We found that DETC infusion improved, rather than intensified, the effects of RNS on medullary and cortical blood perfusion. Notably, there was a significant impact on medullary perfusion with RNS at 6 and 8 Hz. This finding was unexpected, as one would have anticipated that DETC would further decrease both medullary and cortical blood perfusion in response to RNS, given its proposed mechanism of action. Our results contrast with previously reported findings [39], which demonstrated that DETC significantly increased renal sympathetic nerve activity following local application of DETC to renal sympathetic nerves in the area between the recording electrodes and the ganglion.
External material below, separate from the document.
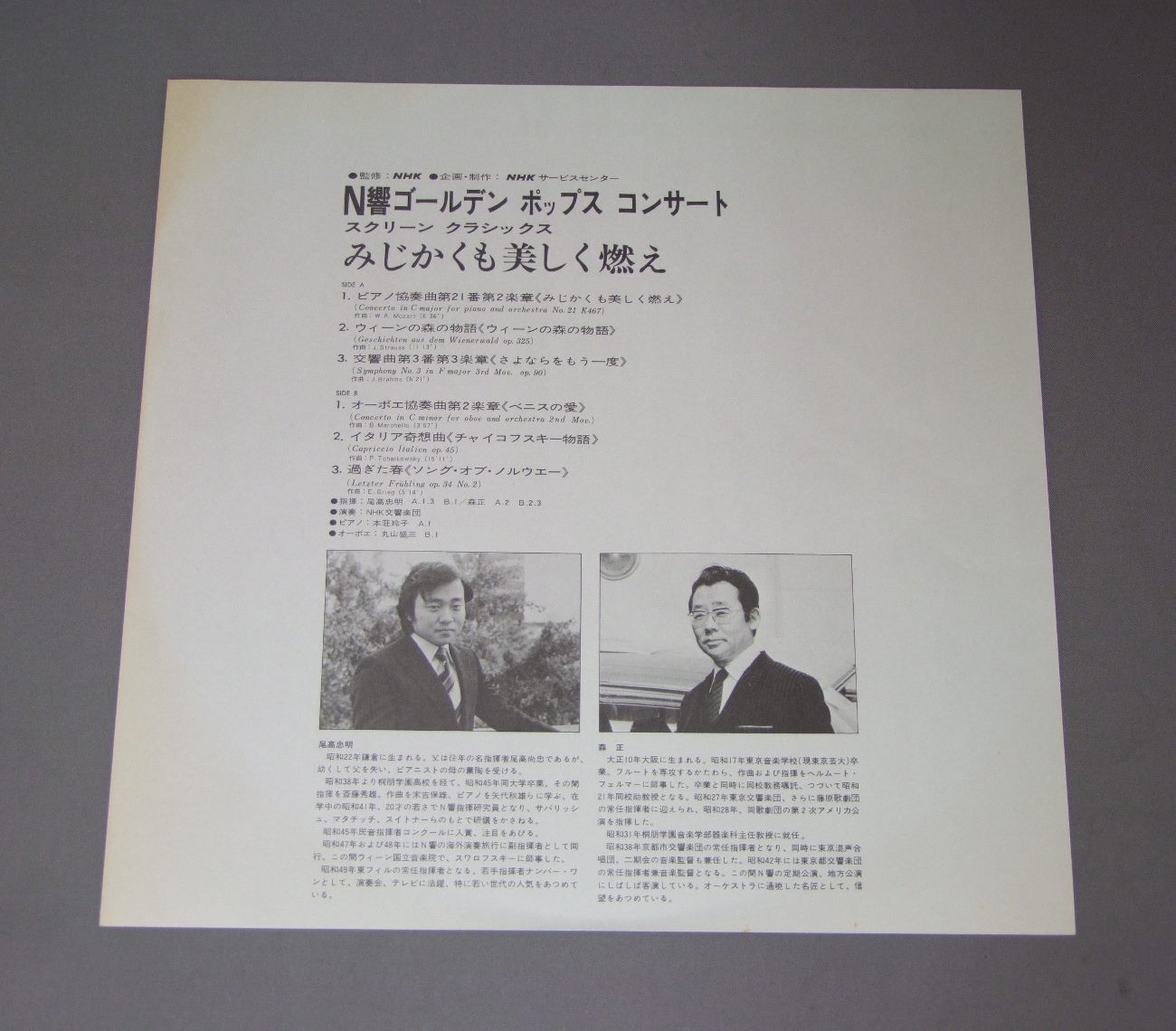NHK交響楽団/ ゴールデンポップスコンサート みじかくも美しく燃え MQY2002 製造国:日本盤 / Media:LP外観:EX-盤の状態:EX+帯:EX 価格(税込):¥990(売約済) 送料 7inch:定形外郵便 360円~LP:定形外郵便 660円~送料は、注文の最終画面で確認頂けます。 > > / 外観 (EX-)特記事項:背や背付近、底付近に日焼け。外観EX-の共通説明:ダメージ軽度~多少。 中古品としては普通の状態。シミ、ヨゴレ、スレなど軽く~多少。 盤の状態 (EX+)特記事項:極薄いスリキズ・スレ少し。一見してきれいな状態です。盤EX+の共通説明:盤面の極薄いスリキズ、スレ少し程度 音に出そうなものは無いように見える(極軽微なソフトティック音は除く)。 帯の状態 (EX):裏側にヨレやシミ軽。 Tweet それぞれの画像をクリックすると、大きい写真が見られます こちらの商品もお勧めです 990円 KEMPENケンペン / TCHAIKOVSKY SYM. NO5-CAPRICCIO ITALIENチャイコフスキー 交響曲第5番 -イタリア奇想曲 770円 JOCHUM - BERLIN PHILHARMONICヨッフム -ベルリン・フィル / BRUCKNER - SYMPHONY NO1ブルックナー - 交響曲第1番 990円 WALTERワルター / MAHLER-DAS LIED VON DER ERDEマーラー-交響曲 大地の歌 770円 KARAJAN - BERMAN - BERLINER PHIL.ラザール・ベルマン・カラヤン・ベルリン・フィル / TSCHAIKOWSKY - KLAVIERKONZERT NO1モーツアルト - ピアノ協奏曲第1番 990円 HUGHESヒューズ / PROKOFIEV-PETER&THE WOLF-SAINT-SAENS-THE CARNIVAL OF THE ANIMALSプロコフィエフ-ピーターと狼-サン=サーンス-動物の謝肉祭 990円 TOSCANINI - NBC SYMPHONY ORCHトスカニーニ - NBC交響楽団 / BEETHOVEN - SYM. NO4 & NO5ベートーヴェン - 交響曲 第4番第5番 990円 ANCERLアンチェル / MUSSORGSKY-PICTURES AT AN EXHIBITIONムソルグスキー-展覧会の絵-はげ山の一夜 990円 MARIマリ / CHABRIER-ESPANA etcシャブリエ-狂詩曲 スペイン 他

One possible, albeit unlikely, explanation for our observations is that DETC infusion may have maximally constricted the renal vasculature. This may explain the decrease in MBP that we observed in our previous study [34], suggesting that RNS could not further reduce perfusion. Alternatively, DETC may be acting non-specifically to prevent under-perfusion of the renal cortex and medulla that can result from RNS. In a prior study, the effects of RNS on normotensive animals in the presence of DETC were consistent with these current findings [22].

3.4. L-NAME Study

The present studies were undertaken based on the premise that NO may be a critical mediator of renal haemodynamics. Our previous work has supported this proposal by demonstrating that inhibition of nitric oxide synthase (NOS) with L-NAME significantly reduced basal medullary blood perfusion [34]. Additionally, several prior studies alos demonstrated that NO plays a significant role in regulating renal vasculature tone in response to RNS [12,40].

In this study, inhibitor-NAME was administered locally into the cortico-medullary border to mitigate against any peripheral effects of NOS inhibition. When RNS was initiated in the presence of L-NAME, there was a modest increase in the reduction of both cortical and medullary blood perfusion compared to controls, particularly at higher frequencies. Although this change did not achieve statistical significance, it supports the hypothesis that NO may play a protective role in the renal medulla by preventing a substantial reduction in blood perfusion during RNS. If we had used an L-NAME concentration similar to that used in previous studies [12,40], we might have observed a more pronounced decrease in perfusion in response to RNS.

While NO contributes to the relative insensitivity of the medullary vasculature to RNS, it does not fully account for this phenomenon. Even with NOS inhibited, RNS still reduced CBP more than MBP, suggesting that as yet to be identified additional factors influence the observed responses. One possible factor is the innervation density of the juxtamedullary vasculature, which modulates blood flow into the medulla.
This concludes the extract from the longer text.